Enabling username/password

Please follow these steps to enable MyOwnIdP in the Connectis Identity Broker for Username/Password:
  • Choose which identifier you want to use for your users, for instance a username or an email address.

  • Choose which user attributes you want to store in the user profile and receive in the login response.

  • Choose a password policy. You can set up a minimal password length, forbid the user to select a password that has been used as the last X passwords, and set up a character set policy (e.g. demand request digits, capitalised and non-capitalised letters and symbols).

  • Choose an account locking policy. We support two levels of account locking: Soft lock (which will be lifted after some time) and hard lock (which can only be lifted by support employees).

    • Incorrect password attempts for soft lock: Number of times a user can use an incorrect password before being soft-locked.

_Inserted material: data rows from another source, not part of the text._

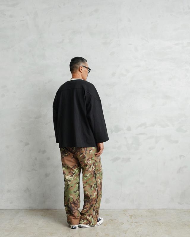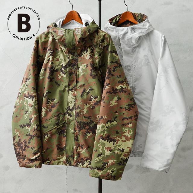 イタリア軍より2005年モデルの透湿性防水リバーシブルパンツが入荷しました!表地にはベジタトカモ、裏地には北極迷彩のような意味で呼ばれるスノーカモが使用されています。2通りで使えるリバーシブル仕様に優れた機能性を備えたデザインは、様々なファッションや、あらゆるアウトドアシーンにも対応します。
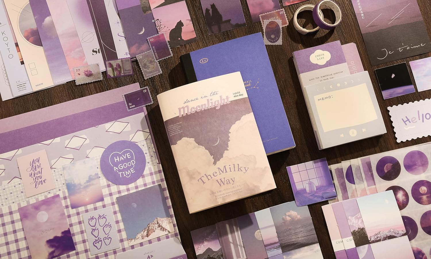 - This scrapbook supply comes with assorted vintage paper in various designs. Their classic prints include plants, flowers, figures, architecture, sky, clouds, moon, ocean, mountain, letter sheet, and so on. These look very classic and a purple aesthetic scrapbook journal kit, not easy to go out of date, bringing you enjoyment. These different series and a sufficient quantity of washi paper stickers can meet your daily use and replacement.
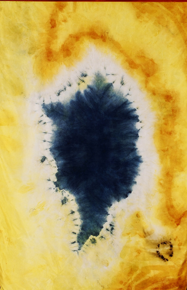 I gaze into the dye pot and silently repeat my mantra "molecules in motion” as pigment is being extracted from plants, bugs, or mud, and dissolve in water. The water starts out cool, clear, and clean. The cloth (cotton, wool or silk; shiny or matte; sheer or opaque) has been bound so that some areas will absorb pigment, while other sections will be untouched. Heat is applied. Complex color develops in the water and over time transfers to the cloth. Binding cloth takes kinesthetic strength. Dyeing bound cloth results in patterns. My designs are inspired by the meandering curves of the ever changing river bank and the invisible paths leaves take as they fall to the ground, influenced by wind currents.

    • Number of soft lock before hard lock.

    • Soft lock duration in minutes.

  • Choose if you want the passwords to expire after a given number of days, or whether you want them to be perpetual.

  • Choose if you want to enable the password reset flow for forgotten passwords. This functionality requires that the users’ email addresses are stored in the user profiles. If you want to enable this, send an email to [email protected] with message, subject, and address. The email will be text-only.

Account registration functionality (optional)

When email addresses are used as login tokens, you can optionally enable Account Registration. Send an email to [email protected] if you want to enable Account Registration. Please include the following information:

  • Whether you want to enable pre-registration. Without pre-registration, every user that provides a valid email address can create an account. With pre-registration enabled, you control who can make accounts, because only users who are pre-registered in the Attribute Provider can create accounts.

  • This involves two emails. Please provide the text you want to register for both emails:

    • Account successfully registered: It includes a link that, once clicked, allows the user to set up a password for his/her account.

    • Account already registered/cannot register: Error message.

MyOwnIdP migration/provisioning

We provide a REST API to provision new users and facilitate migration of user accounts. Contact [email protected] to receive a copy.

User attributes

You can create user accounts in the attribute provider by creating resources with either one of these attributes filled. These attributes will be used by the user as the login field: Username login: urn:myownidp:authenticate:Username:username email address / X509 Login: urn:myownidp:authenticate:EmailAddress:emailAddress BSN Login: urn:digid:BSN:bsn

Important: The forgotten password functionality or account creation requires that an email is sent to the end user’s email address. As a consequence, urn:myownidp:authenticate:EmailAddress:emailAddress needs to be available for that specific user if you want to use the forgotten password functionality.

If you want to allow your end users to log in with username, you can provision the attribute "urn:myownidp:authenticate:Username:username", but if you also want them to be able to reset their password using the forgotten password functionality, then you need to provision "urn:myownidp:authenticate:EmailAddress:emailAddress" as well.

To provision attributes to the attribute provider, you can ask for the attribute provider API documentation with examples via [email protected].

Password manager

We provide another REST API to allow you to manage the passwords of your users. You can request the full API documentation with examples via [email protected].

You can either use the migration endpoint (allowing you to set the passwords with their current hashed version) or the manage endpoint, which allows you to set the password from a plain text. You can also perform password management operations by using that API and force a password change after the next login.